I crit failed my web design roll.
July 14, 2014 6:53 PM   Subscribe

Can anyone provide pointers for setting up a robust digital image archive on the cheap?

I’ve been trying for the past few months (on and off during my highly limited free time) to figure out a new gallery/hosting solution for PlaGMaDA that will allow us to have a more professional looking site that is also (and this part is critical) easier to add content to and update. The current setup is using software that requires image uploads on an image by image basis and is running on a seven year old PHP/SQL stack with a hosting situation that doesn’t allow us to use archive-standard images due to extremely limited storage.

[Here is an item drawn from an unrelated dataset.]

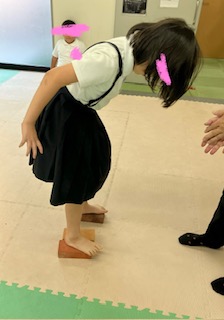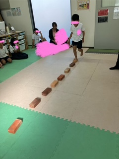 集団活動は、「ブロック歩行に挑戦」❣ブロックの上をバランスを取りながら歩いて行きます。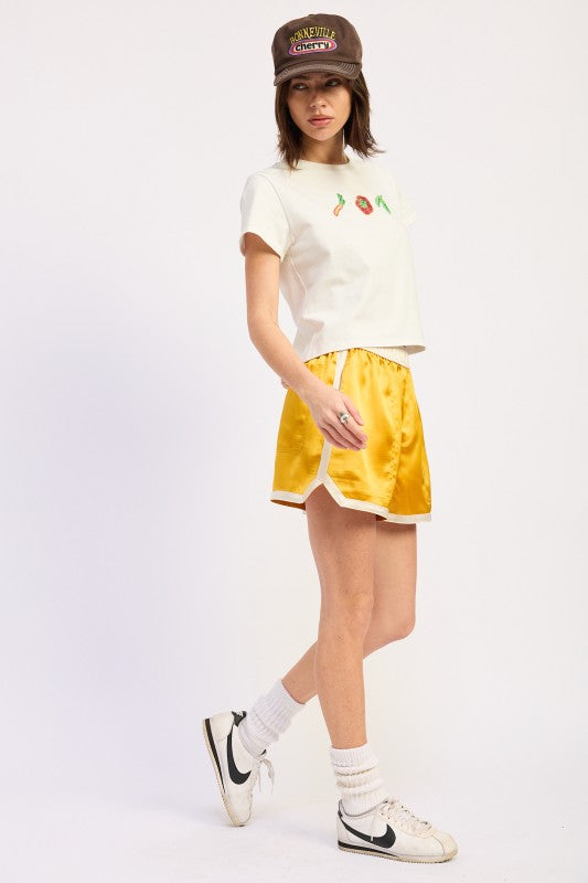 Go for the gold in our Golden Era Shorts. These stylish shorts features a satin finish that instantly elevates your outfit. Throw them on with a cute crop top or a comfy hoodie and tennis shoes while lounging at home or running errands.

In the pleasant brightness of the future, we hope to have the archive integrated with an archival database using Omeka with plenty of storage and (somehow) at a very low cost as our resources are limited.

But we’re not in any shape for that now, and the reality is that we’ll need to have an intermediate web presence that allows for the increased storage needs anticipated with archive-standard images, but is just going to make them available to be seen as a gallery. I’m trying to figure out this intermediate setup and I’m at a loss. I’m an IT guy, but my expertise is as a sysadmin and I make back end systems work. I haven’t done web stuff in any serious way since the time when hand coded HTML was the professional standard. I’m not at all educated on how is webby made these days and everything I look at seems like a precarious stack of rube goldbergian trainwreck waiting to happen.

What I was hoping to do is get PlaGMaDA set up with its own google account and use drive as the storage vehicle for our images, and then just have those pulled into gallery templates from a blogging or web hosting service that provides front end services. That doesn’t seem to be offered yet anywhere, at least not in a way I can easily build myself. I’m considering flickr now, as they also provide a enough free storage to suit our needs, and perhaps that’ll work more smoothly.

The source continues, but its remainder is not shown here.